One-year treatment outcomes of secukinumab versus tumor necrosis factor inhibitors in Spondyloarthritis: Results From Five Nordic Biologic Registries Including More Than 10,000 Treatment Courses

Bente Glintborg*, Ulf Lindstrom, Daniela De Giuseppe, Sella Aarrestad Provan, Bjorn Gudbjornsson, Merete Lund Hetland, Brigitte Michelsen, Johan Wallman, Kalle Aaltonen, Anna-Mari Hokkanen, Dan Nordström, Tanja Schjødt Jørgensen, Rebekka Lund Hansen, Arni Jon Geirsson, Kathrine Grøn, Niels Steen Krogh, Johan Askling, Lars Erik Kristensen, Lennart Jacobsson, DANBIO (Denmark), ARTIS/SRQ (Sweden), ICEBIO (Iceland), ROB-FIN (Finland), NOR-DMARD (Norway) registries

*Corresponding author for this work

Abstract

OBJECTIVE: To describe baseline characteristics and to compare treatment effectiveness of secukinumab versus tumor necrosis factor inhibitors (TNFi) in patients with spondyloarthritis (SpA) using adalimumab as the main comparator.

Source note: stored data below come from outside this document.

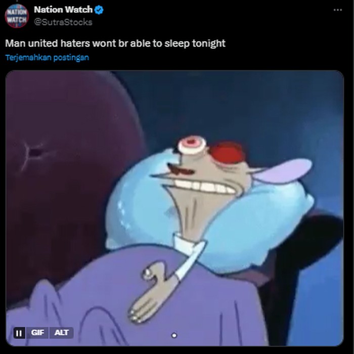 Gambaran haters Manchester United yang sulit tidur. Padahal sudah siapin bahan untuk meledek fansΒ Manchester United di media sosial. Foto: (X.com).
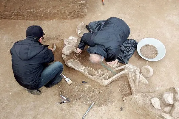 وی افزود: با توجه به این خطر، تیمی از باستان شناسان کاوش اضطراری این محوطه را آغاز کردند. در کاوشهای انجام شده آثار چند گور کشف شده که کاملترین آنها اسکلت انسانی است که همراه با ابزار جنگی و ظروف حاوی مواد خوراکی دفن شده است.
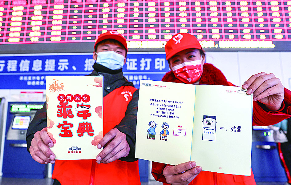 1月21日,徐州东站的“小甜橙”志愿者展示“乘车宝典”。 近日,中国铁路上海局集团有限公司徐州直属站为服务不会上网订票的旅客设计制作了“乘车宝典”漫画小册子,方便“脱网”旅客按照画册上的步骤自助购票乘车。 (据新华社)
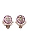 Featuring a pair of gold finish dangler earrings studded with kundan polki and multi-colored kemp stones, set in brass. These earrings radiates timeless elegance, perfect for wedding celebrations, festive soirees or cultural gatherings adding a regal charm to every look.
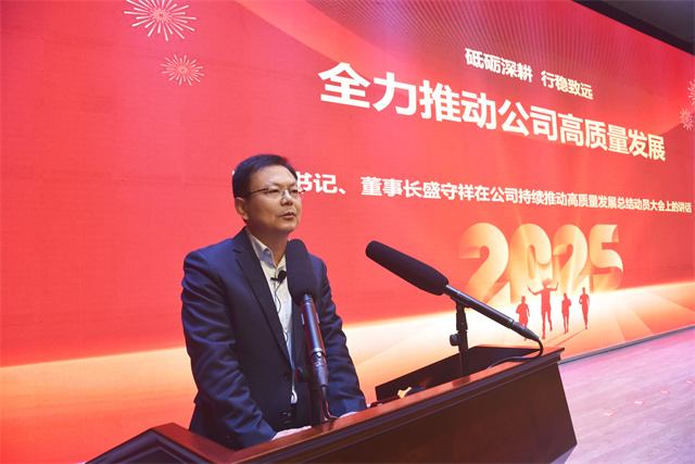 會議最后,公司黨委書記、董事長盛守祥同志作了題為《砥礪深耕 行穩致遠 全力推動公司高質量發展新征程》的講話。講話全面總結梳理了公司過去一年的工作,深刻剖析了實際工作中的問題,為新階段工作提出了指導性意見。2025年,公司將以“創新驅動、品質至上、綠色發展、智能升級”為戰略指引,主要圍繞“2025年目標指標、深化華紡再造、盈利單元突破、服務單元突破、董事會強引導”等五個方面扎實開展工作,全力推動公司高質量、可持續發展。

METHODS: This was an observational, prospective cohort study. Patients with SpA (clinical ankylosing spondylitis, nonradiographic axial SpA, or undifferentiated SpA) starting secukinumab or a TNFi during 2015-2018 were identified from 5 Nordic clinical rheumatology registries. Data on comorbidities and extraarticular manifestations (psoriasis, uveitis, and inflammatory bowel disease) were captured from national registries (data available in 94% of patients) and included in multivariable analyses. We assessed 1-year treatment retention (crude survival curves, adjusted hazard ratios [HR adj ] for treatment discontinuation) and 6-month response rates (Ankylosing Spondylitis Disease Activity Score [ASDAS] score <2.1, Bath Ankylosing Spondylitis Disease Activity Index [BASDAI] <40 mm, crude/LUNDEX-adjusted, adjusted logistic regression analyses with odds ratios [ORs]) stratified by line of biologic treatment (first, second, and third plus).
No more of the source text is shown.